Мы еще погуляли немного запутанными тропинками этого дремучего, в каком-то смысле, леса. Ни Моисея, ни пророка Илии, ни родоначальника евреев – праотца Авраама – не отыскалось среди избранного шоу-народа.
– Может, не нашли сносных фотографий… – примирительно заметил Борис. ***Еще до приезда мы намеревались, отчитав лекцию перед славистами, через Гаагу проследовать в Брюгге и там бросить якорь дня на три. Когда-то проездом мы провели несколько часов в этом игрушечном рае, были совершенно очарованы миниатюрными площадями, кукольными домиками Кая и Герды, косматыми битюгами, впряженными в опереточные экипажи, и сейчас жаждали отрешиться от всего в сказочной благодати.
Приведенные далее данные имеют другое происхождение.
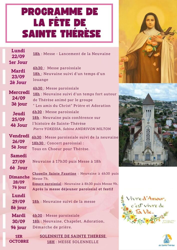 Lundi02/10Messe en l’honneur de notre Sainte Patronne : Sainte Thérèse de l’Enfant Jésus

– Отрешиться? – уточнила наша приятельница Лера, та, что, собственно, организовывала мою лекцию. – Да на черта вам в тот же день гнать из Гааги в Брюгге, что за срочность? Путь не такой уж близкий. И в Гааге не догуляете, и устанете, и в Брюгге приедете только к ночи. Заночуйте в Дельфте, это по дороге. Я знаю одну гостиницу шестнадцатого века, с кондитерской на первом этаже, – совершенно волшебную. Говорят, в ней Вермеер писал свою знаменитую «Девушку, читающую письмо у окна». Может, даже это здание и было его домом, они ведь с женой содержали постоялый двор… Там комнаты так и называются: «Питер де Хоох»… «Карел Фабрициус»… «Ян Вермеер»… Я закажу вам номер, ладно? Отрешитесь на все сто! А поутру и тронете в Брюгге, по холодку.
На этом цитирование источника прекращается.